Yes. Hungover. All the boys are going wakeboarding. Boys only. I wish I was a gay guy so I could go wakeboarding but still suck dick.
All I remember is drinking vodka out of tupperware.
just had an encounter with drunk people from out of state at dairy queen. they wanted to stay till march to see the high school play.
You know, it's scary to think that someday I might buy a pregnancy test with pride, not at 2am...
23 Crazy Psychological Tricks You Have To Try on Someone RIGHT NOW
Just spent a extra 20 minutes on the phone with the lady from unemployment talking about how to make the best brownies.
I don't care if we have to swim home from the bar, Im not gonna sit home in the dark and read some fucking book
Let me shower first- i smell like sex and rock climbing (not so sure how that happened)
Im walking to an ob gyn practice session right now.

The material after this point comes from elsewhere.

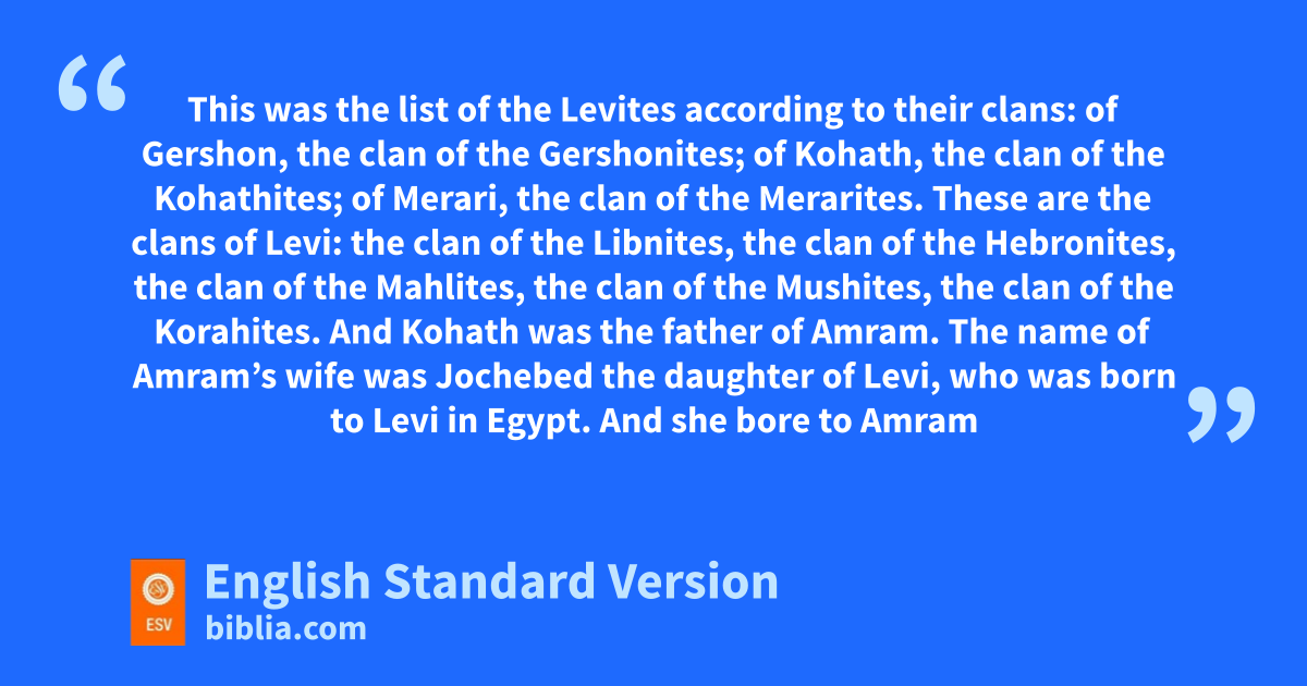 57 mThis was the list of the Levites according to their clans: of Gershon, the clan of the Gershonites; of Kohath, the clan of the Kohathites; of Merari, the clan of the Merarites. 58 These are the clans of Levi: the clan of the Libnites, the clan of the Hebronites, the clan of the Mahlites, the clan of the Mushites, the clan of the Korahites. And Kohath was the father of Amram. 59 The name of Amram’s wife was nJochebed the daughter of Levi, who was born to Levi in Egypt. And she bore to Amram Aaron and Moses and Miriam their sister. 60 oAnd to Aaron were born Nadab, Abihu, Eleazar, and Ithamar. 61 pBut Nadab and Abihu died when they offered unauthorized fire before the Lord. 62 And those listed were q23,000, every male from a month old and upward. For rthey were not listed among the people of Israel, because sthere was no inheritance given to them among the people of Israel.
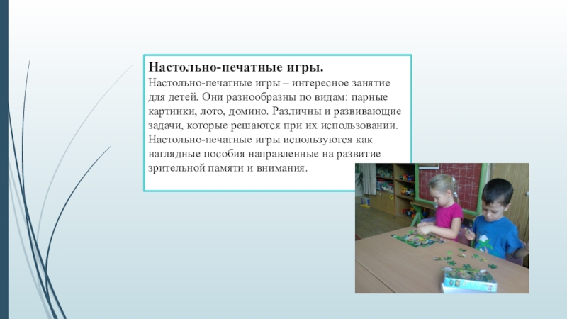 Настольно-печатные игры используются как наглядные пособия направленные на развитие зрительной памяти и внимания.

Literally have to get face first in a middleaged vagina in 10 min.
Everyone is drunk but me. Fantastic. Everyone is hooking up but me. Awkward.
I had a pitcher of margaritas. Now I'm in a laundry room being a 5th wheel and crying. I made myself a bed out of a pool floatie. I win.
These 25 People Forgave their Significant Others for Saying Stupid Things
My face feels like its stuck between a ball sack and an asshole.
Thats like me asking what you think of antisocial polish guys with mysterious rashes
Circle jerk is a real thing. It looks like five innocent virgins in a closet at my brother's bar mitzvah. Yeah, I walked in on that.
I am not getting you a goat.
Fair enough. I am not going out with you. The goat was not negotiable.
From what I heard you ordered him to lick your balls. Unless you've kept a huge secret I understand his confusion.
Potholders are an underrated garment. Especially naked.